▶ _REQUIRED ACTION_
Only the pictures should be left out; write out all other data exactly.

DATA: Begin

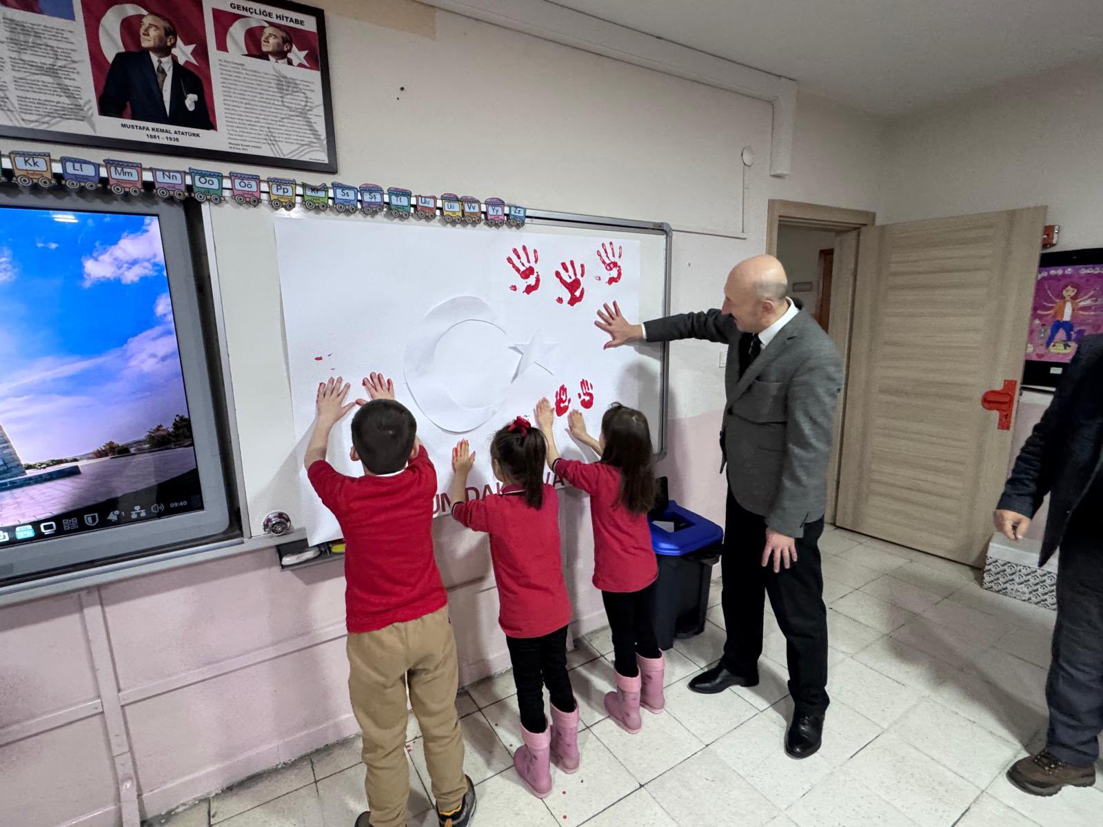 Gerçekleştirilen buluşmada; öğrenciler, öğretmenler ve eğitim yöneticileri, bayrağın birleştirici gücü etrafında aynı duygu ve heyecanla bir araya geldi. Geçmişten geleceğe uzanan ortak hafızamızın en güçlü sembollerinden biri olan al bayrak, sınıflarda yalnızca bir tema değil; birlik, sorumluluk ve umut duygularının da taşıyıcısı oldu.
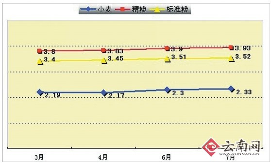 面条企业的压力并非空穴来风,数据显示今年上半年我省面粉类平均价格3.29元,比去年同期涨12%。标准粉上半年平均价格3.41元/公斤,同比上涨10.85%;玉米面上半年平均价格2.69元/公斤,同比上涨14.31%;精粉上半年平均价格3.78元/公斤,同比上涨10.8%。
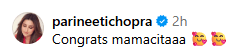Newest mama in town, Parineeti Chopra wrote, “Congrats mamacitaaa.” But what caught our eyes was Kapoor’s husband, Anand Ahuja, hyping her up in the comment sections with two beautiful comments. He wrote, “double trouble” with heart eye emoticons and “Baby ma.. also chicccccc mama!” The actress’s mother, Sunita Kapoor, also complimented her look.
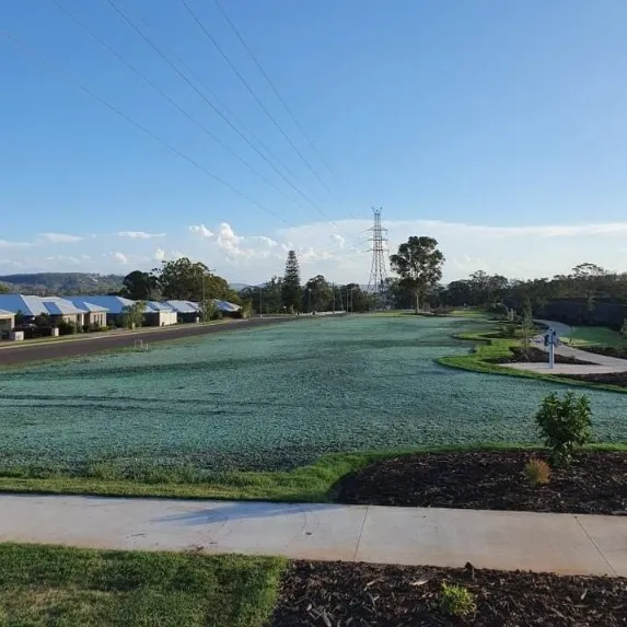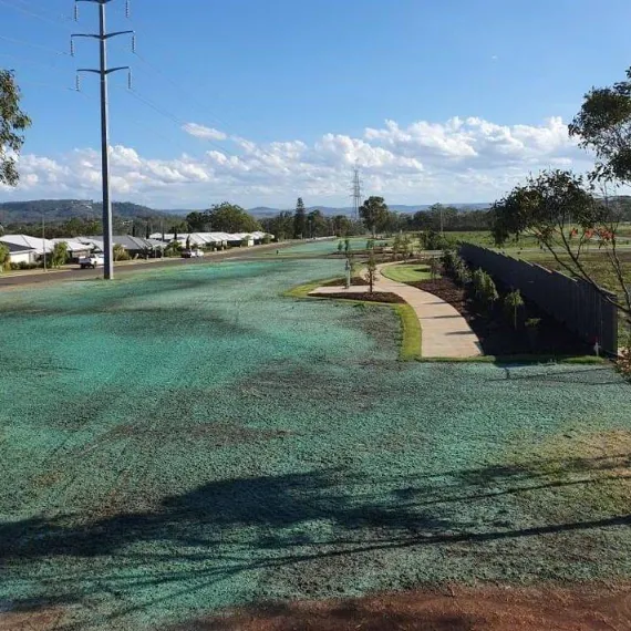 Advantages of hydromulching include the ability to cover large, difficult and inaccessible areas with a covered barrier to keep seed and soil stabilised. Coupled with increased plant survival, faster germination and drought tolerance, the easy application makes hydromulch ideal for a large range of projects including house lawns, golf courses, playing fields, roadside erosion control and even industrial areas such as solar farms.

DATA: End

▶ _COMPLETED EXERCISE_
 Gerçekleştirilen buluşmada; öğrenciler, öğretmenler ve eğitim yöneticileri, bayrağın birleştirici gücü etrafında aynı duygu ve heyecanla bir araya geldi. Geçmişten geleceğe uzanan ortak hafızamızın en güçlü sembollerinden biri olan al bayrak, sınıflarda yalnızca bir tema değil; birlik, sorumluluk ve umut duygularının da taşıyıcısı oldu.
 面条企业的压力并非空穴来风,数据显示今年上半年我省面粉类平均价格3.29元,比去年同期涨12%。标准粉上半年平均价格3.41元/公斤,同比上涨10.85%;玉米面上半年平均价格2.69元/公斤,同比上涨14.31%;精粉上半年平均价格3.78元/公斤,同比上涨10.8%。
Newest mama in town, Parineeti Chopra wrote, “Congrats mamacitaaa.” But what caught our eyes was Kapoor’s husband, Anand Ahuja, hyping her up in the comment sections with two beautiful comments. He wrote, “double trouble” with heart eye emoticons and “Baby ma.. also chicccccc mama!” The actress’s mother, Sunita Kapoor, also complimented her look.
 Advantages of hydromulching include the ability to cover large, difficult and inaccessible areas with a covered barrier to keep seed and soil stabilised. Coupled with increased plant survival, faster germination and drought tolerance, the easy application makes hydromulch ideal for a large range of projects including house lawns, golf courses, playing fields, roadside erosion control and even industrial areas such as solar farms.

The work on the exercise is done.